In its recent April 2018 issue, Smithsonian featured an article on the future of artificial intelligence by author Stephan Talty titled “Be(a)ware.” Talty’s fictional background is evident throughout the piece (admittedly, the topic does lend itself to imagination), but one of its most alarming statements comes in the form of what appears to be a simple empirical fact. In one of the introductory paragraphs of the piece, Talty writes:
In just the last few years, “machine learning” has come to seem like the new path forward. Algorithms, freed from human programmers, are training themselves on massive data sets and producing results that have shocked even the optimists in the field. Earlier this year, two AIs—one created by the Chinese company Alibaba and the other by Microsoft—beat a team of two-legged competitors in a Stanford reading-comprehension test. The algorithms “read” a series of Wikipedia entries on things like the rise of Genghis Khan and the Apollo space program and then answered a series of questions about them more accurately than people did.
Literary enthusiast that I am, this last statement seized my notice by the throat. Inherent in this claim, obviously, is the assumption that an objective scale for reading comprehension exists, that the absorption of the content of a written work into one’s worldview can be objectively, comparatively measured. Yet the fact that a work of art can, will, and should be interpreted differently by each observer is as old as art itself, dramatically predating the absurdity of deconstructionism. In this case, however, the machines were presumably able to answer questions on the material with such accuracy because they had been programmed to process the texts through the researchers’ personal evaluation framework. By all appearances, the researchers of whom Mr. Talty speaks believe that they have established an objective grading scale for subjectivity—and they have bottle-fed it to quickly maturing artificial minds.
Obviously, though, the tally of Genghis Khan’s wives is not open for debate in quite the same way as the intended message of a Shakespearean sonnet; none but a grotesquely committed conspiracy theorist would argue that algorithm performance evaluation scales are equivalent to censorship of literary criticism. Nevertheless, Talty’s misleading word choice demonstrates that even factual comprehension may be less straightforward than it may appear. More importantly, though, this article points to one of the greatest potential dangers of artificial intelligence, an impending reality even more alarming than any Terminator-esque subjugation of mankind.

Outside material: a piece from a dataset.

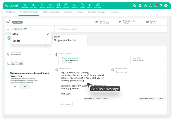AutoLeap’s auto repair shop CRM solution uses real customer data to build targeted campaigns that customers will engage with.

The superior performance of the bots in this study is betokened by their 82.63 score to human champions’ 82.304, numbers that represent the competitor’s percentage of exactly matched answers to content-related questions. Considering this fact, Microsoft’s computer’s advantage for this task is obvious: while the human brain is certainly a wonder, it simply is not designed to remember hundreds of precise phrases exactly. And for the accessible portion of human history, no human has considered comprehension to be a simple matter of memorization (perhaps exclusively for this reason). Maybe because of the distribution of our species’ gifts, humans have always considered understanding to be fundamentally self-referential. This fact may be simply the inevitable outcome of human arrogance or pragmatism—but even if that is the case, can we afford to risk allowing intelligence researchers, algorithm engineers, and (God help us) Wikipedia editors to just as arbitrarily redefine the standard?

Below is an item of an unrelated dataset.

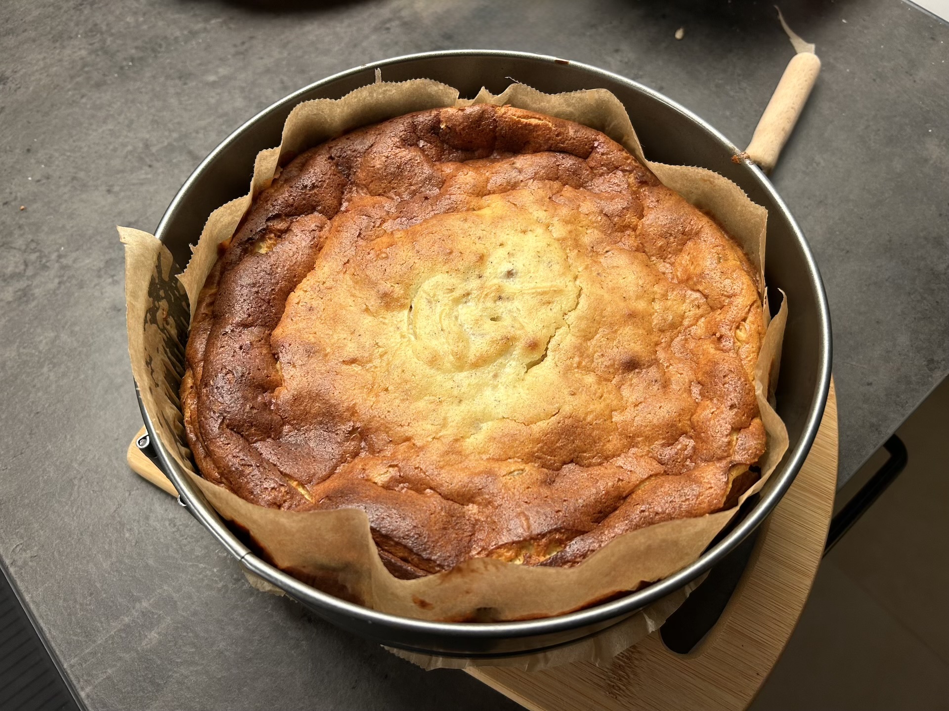 Pieczenie: Gotową masę przelej do okrągłej formy wyłożonej papierem do pieczenia. Wstaw do piekarnika nagrzanego do 180°C i piecz przez około 50 minut.

Without question, the artificial intelligence revolution will redefine life for human beings, both those who participate in its development and all others, and, by all appearances, it will first insidiously do so by changing the standards by which we evaluate our work, our world, and even our humanity. Some of those changes may be changes for the better, but trusting that they can be optimally made by a select, alarmingly homogeneous community quarantined in Northern California seems to me to be naive. If humanity is to change the standards by which it exists, may it be humanity that changes them, not just one segment of it.
Not insignificantly, though, if we are to change the definition of words as relatively benign as “comprehension,” we must bear in mind that we will inevitably be redefining them with reference to the definition of other words. In order to make any part of our existence “better,” we must know what “better” means. And for the most part, we do—for now. But that word has proven itself fickle throughout human history. What child, adult, or civilization hasn’t insisted, “X will make me happy”—X will make things “better”—only to disregard X for Y once X is obtained? In 1938, the Nazis were sure Czechoslovakia would satisfy their appetite; in 1940, it was France. On Palm Sunday, “better” was Jesus enthroned; five days later, “better” was Jesus crucified.
Undeniably, information technology has brought humanity to the brink of a potentially magnificent revolution—but we must know what we wish to magnify. We must know what we mean by “progress”; what we mean by “good.” And if we restrict our search to the world of algorithms and evolution, we are sure to be disappointed.